The entries should be given again in full. Alter nothing.

++++ DATA EXTRACTS ++++

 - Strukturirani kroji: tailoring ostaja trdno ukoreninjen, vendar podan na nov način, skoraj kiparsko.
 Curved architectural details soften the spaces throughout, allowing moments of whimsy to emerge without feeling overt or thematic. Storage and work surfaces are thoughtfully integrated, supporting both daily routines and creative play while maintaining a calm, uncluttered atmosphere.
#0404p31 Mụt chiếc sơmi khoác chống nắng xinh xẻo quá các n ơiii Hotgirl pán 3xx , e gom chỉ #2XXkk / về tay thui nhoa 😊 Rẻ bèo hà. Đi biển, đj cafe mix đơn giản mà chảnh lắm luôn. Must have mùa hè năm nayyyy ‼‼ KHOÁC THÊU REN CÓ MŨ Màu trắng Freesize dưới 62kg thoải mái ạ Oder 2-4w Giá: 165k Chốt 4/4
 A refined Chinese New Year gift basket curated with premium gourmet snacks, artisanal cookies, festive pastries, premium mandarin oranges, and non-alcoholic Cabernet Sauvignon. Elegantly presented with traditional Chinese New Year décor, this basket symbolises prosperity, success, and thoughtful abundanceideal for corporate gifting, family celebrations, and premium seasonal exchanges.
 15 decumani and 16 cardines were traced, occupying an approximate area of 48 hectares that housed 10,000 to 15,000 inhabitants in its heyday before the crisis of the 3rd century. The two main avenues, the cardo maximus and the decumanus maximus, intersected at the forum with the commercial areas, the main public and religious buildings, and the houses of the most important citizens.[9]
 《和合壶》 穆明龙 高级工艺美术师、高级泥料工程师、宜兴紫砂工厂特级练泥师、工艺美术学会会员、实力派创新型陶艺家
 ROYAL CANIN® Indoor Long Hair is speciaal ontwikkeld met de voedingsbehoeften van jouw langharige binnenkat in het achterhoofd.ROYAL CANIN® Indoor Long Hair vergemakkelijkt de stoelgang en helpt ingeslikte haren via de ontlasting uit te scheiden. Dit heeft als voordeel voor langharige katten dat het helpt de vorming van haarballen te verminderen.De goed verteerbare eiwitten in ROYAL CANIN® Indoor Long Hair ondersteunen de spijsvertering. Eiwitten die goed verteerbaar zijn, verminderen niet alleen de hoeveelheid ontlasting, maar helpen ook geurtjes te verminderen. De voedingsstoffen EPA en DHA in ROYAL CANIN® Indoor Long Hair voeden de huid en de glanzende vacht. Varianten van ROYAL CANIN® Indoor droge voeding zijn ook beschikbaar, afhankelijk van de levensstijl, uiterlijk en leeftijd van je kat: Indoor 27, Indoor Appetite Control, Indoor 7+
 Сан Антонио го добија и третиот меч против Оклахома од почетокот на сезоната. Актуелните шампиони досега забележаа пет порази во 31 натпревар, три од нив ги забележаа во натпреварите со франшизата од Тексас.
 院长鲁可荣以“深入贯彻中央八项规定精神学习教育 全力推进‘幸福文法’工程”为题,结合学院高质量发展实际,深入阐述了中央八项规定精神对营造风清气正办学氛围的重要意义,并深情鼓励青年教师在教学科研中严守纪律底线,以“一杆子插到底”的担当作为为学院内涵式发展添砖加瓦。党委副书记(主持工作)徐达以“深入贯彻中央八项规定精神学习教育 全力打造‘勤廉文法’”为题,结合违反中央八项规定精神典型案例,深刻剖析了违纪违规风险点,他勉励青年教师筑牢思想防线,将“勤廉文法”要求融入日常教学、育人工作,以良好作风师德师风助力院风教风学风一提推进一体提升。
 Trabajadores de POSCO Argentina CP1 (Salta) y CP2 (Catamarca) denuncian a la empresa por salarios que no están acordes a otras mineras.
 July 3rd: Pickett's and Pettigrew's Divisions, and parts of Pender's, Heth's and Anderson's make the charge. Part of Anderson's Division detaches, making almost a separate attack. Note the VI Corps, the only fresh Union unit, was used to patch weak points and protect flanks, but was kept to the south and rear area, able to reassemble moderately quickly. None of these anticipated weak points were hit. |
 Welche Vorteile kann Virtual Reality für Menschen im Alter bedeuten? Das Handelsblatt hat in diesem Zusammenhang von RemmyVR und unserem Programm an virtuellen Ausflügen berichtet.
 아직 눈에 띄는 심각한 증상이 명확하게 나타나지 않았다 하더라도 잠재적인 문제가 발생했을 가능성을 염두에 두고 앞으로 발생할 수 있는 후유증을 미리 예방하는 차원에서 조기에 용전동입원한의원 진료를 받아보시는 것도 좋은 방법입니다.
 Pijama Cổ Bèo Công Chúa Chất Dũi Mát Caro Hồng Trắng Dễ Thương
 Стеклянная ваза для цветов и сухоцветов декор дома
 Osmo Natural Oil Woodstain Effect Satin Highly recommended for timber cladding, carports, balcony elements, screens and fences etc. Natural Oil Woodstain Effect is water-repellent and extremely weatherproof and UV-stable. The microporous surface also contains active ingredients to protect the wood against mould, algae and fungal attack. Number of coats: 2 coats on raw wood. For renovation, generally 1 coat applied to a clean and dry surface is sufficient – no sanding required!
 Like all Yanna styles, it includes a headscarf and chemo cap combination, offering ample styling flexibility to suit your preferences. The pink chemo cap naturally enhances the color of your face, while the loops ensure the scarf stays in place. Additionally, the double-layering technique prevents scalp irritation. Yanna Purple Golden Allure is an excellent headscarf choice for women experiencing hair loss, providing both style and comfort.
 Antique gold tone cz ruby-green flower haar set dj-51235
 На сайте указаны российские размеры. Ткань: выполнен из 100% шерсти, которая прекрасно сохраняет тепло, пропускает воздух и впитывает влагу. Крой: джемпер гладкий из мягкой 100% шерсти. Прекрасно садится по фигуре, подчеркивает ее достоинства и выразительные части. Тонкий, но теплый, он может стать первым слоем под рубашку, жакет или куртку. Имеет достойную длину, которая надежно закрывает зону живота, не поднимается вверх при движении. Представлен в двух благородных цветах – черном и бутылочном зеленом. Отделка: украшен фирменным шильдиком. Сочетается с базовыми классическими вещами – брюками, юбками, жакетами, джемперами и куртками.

++++

## ANSWER TO THE PROBLEM
 - Strukturirani kroji: tailoring ostaja trdno ukoreninjen, vendar podan na nov način, skoraj kiparsko.
 Curved architectural details soften the spaces throughout, allowing moments of whimsy to emerge without feeling overt or thematic. Storage and work surfaces are thoughtfully integrated, supporting both daily routines and creative play while maintaining a calm, uncluttered atmosphere.
#0404p31 Mụt chiếc sơmi khoác chống nắng xinh xẻo quá các n ơiii Hotgirl pán 3xx , e gom chỉ #2XXkk / về tay thui nhoa 😊 Rẻ bèo hà. Đi biển, đj cafe mix đơn giản mà chảnh lắm luôn. Must have mùa hè năm nayyyy ‼‼ KHOÁC THÊU REN CÓ MŨ Màu trắng Freesize dưới 62kg thoải mái ạ Oder 2-4w Giá: 165k Chốt 4/4
 A refined Chinese New Year gift basket curated with premium gourmet snacks, artisanal cookies, festive pastries, premium mandarin oranges, and non-alcoholic Cabernet Sauvignon. Elegantly presented with traditional Chinese New Year décor, this basket symbolises prosperity, success, and thoughtful abundanceideal for corporate gifting, family celebrations, and premium seasonal exchanges.
 15 decumani and 16 cardines were traced, occupying an approximate area of 48 hectares that housed 10,000 to 15,000 inhabitants in its heyday before the crisis of the 3rd century. The two main avenues, the cardo maximus and the decumanus maximus, intersected at the forum with the commercial areas, the main public and religious buildings, and the houses of the most important citizens.[9]
 《和合壶》 穆明龙 高级工艺美术师、高级泥料工程师、宜兴紫砂工厂特级练泥师、工艺美术学会会员、实力派创新型陶艺家
 ROYAL CANIN® Indoor Long Hair is speciaal ontwikkeld met de voedingsbehoeften van jouw langharige binnenkat in het achterhoofd.ROYAL CANIN® Indoor Long Hair vergemakkelijkt de stoelgang en helpt ingeslikte haren via de ontlasting uit te scheiden. Dit heeft als voordeel voor langharige katten dat het helpt de vorming van haarballen te verminderen.De goed verteerbare eiwitten in ROYAL CANIN® Indoor Long Hair ondersteunen de spijsvertering. Eiwitten die goed verteerbaar zijn, verminderen niet alleen de hoeveelheid ontlasting, maar helpen ook geurtjes te verminderen. De voedingsstoffen EPA en DHA in ROYAL CANIN® Indoor Long Hair voeden de huid en de glanzende vacht. Varianten van ROYAL CANIN® Indoor droge voeding zijn ook beschikbaar, afhankelijk van de levensstijl, uiterlijk en leeftijd van je kat: Indoor 27, Indoor Appetite Control, Indoor 7+
 Сан Антонио го добија и третиот меч против Оклахома од почетокот на сезоната. Актуелните шампиони досега забележаа пет порази во 31 натпревар, три од нив ги забележаа во натпреварите со франшизата од Тексас.
 院长鲁可荣以“深入贯彻中央八项规定精神学习教育 全力推进‘幸福文法’工程”为题,结合学院高质量发展实际,深入阐述了中央八项规定精神对营造风清气正办学氛围的重要意义,并深情鼓励青年教师在教学科研中严守纪律底线,以“一杆子插到底”的担当作为为学院内涵式发展添砖加瓦。党委副书记(主持工作)徐达以“深入贯彻中央八项规定精神学习教育 全力打造‘勤廉文法’”为题,结合违反中央八项规定精神典型案例,深刻剖析了违纪违规风险点,他勉励青年教师筑牢思想防线,将“勤廉文法”要求融入日常教学、育人工作,以良好作风师德师风助力院风教风学风一提推进一体提升。
 Trabajadores de POSCO Argentina CP1 (Salta) y CP2 (Catamarca) denuncian a la empresa por salarios que no están acordes a otras mineras.
 July 3rd: Pickett's and Pettigrew's Divisions, and parts of Pender's, Heth's and Anderson's make the charge. Part of Anderson's Division detaches, making almost a separate attack. Note the VI Corps, the only fresh Union unit, was used to patch weak points and protect flanks, but was kept to the south and rear area, able to reassemble moderately quickly. None of these anticipated weak points were hit. |
 Welche Vorteile kann Virtual Reality für Menschen im Alter bedeuten? Das Handelsblatt hat in diesem Zusammenhang von RemmyVR und unserem Programm an virtuellen Ausflügen berichtet.
 아직 눈에 띄는 심각한 증상이 명확하게 나타나지 않았다 하더라도 잠재적인 문제가 발생했을 가능성을 염두에 두고 앞으로 발생할 수 있는 후유증을 미리 예방하는 차원에서 조기에 용전동입원한의원 진료를 받아보시는 것도 좋은 방법입니다.
 Pijama Cổ Bèo Công Chúa Chất Dũi Mát Caro Hồng Trắng Dễ Thương
 Стеклянная ваза для цветов и сухоцветов декор дома
 Osmo Natural Oil Woodstain Effect Satin Highly recommended for timber cladding, carports, balcony elements, screens and fences etc. Natural Oil Woodstain Effect is water-repellent and extremely weatherproof and UV-stable. The microporous surface also contains active ingredients to protect the wood against mould, algae and fungal attack. Number of coats: 2 coats on raw wood. For renovation, generally 1 coat applied to a clean and dry surface is sufficient – no sanding required!
 Like all Yanna styles, it includes a headscarf and chemo cap combination, offering ample styling flexibility to suit your preferences. The pink chemo cap naturally enhances the color of your face, while the loops ensure the scarf stays in place. Additionally, the double-layering technique prevents scalp irritation. Yanna Purple Golden Allure is an excellent headscarf choice for women experiencing hair loss, providing both style and comfort.
 Antique gold tone cz ruby-green flower haar set dj-51235
 На сайте указаны российские размеры. Ткань: выполнен из 100% шерсти, которая прекрасно сохраняет тепло, пропускает воздух и впитывает влагу. Крой: джемпер гладкий из мягкой 100% шерсти. Прекрасно садится по фигуре, подчеркивает ее достоинства и выразительные части. Тонкий, но теплый, он может стать первым слоем под рубашку, жакет или куртку. Имеет достойную длину, которая надежно закрывает зону живота, не поднимается вверх при движении. Представлен в двух благородных цветах – черном и бутылочном зеленом. Отделка: украшен фирменным шильдиком. Сочетается с базовыми классическими вещами – брюками, юбками, жакетами, джемперами и куртками.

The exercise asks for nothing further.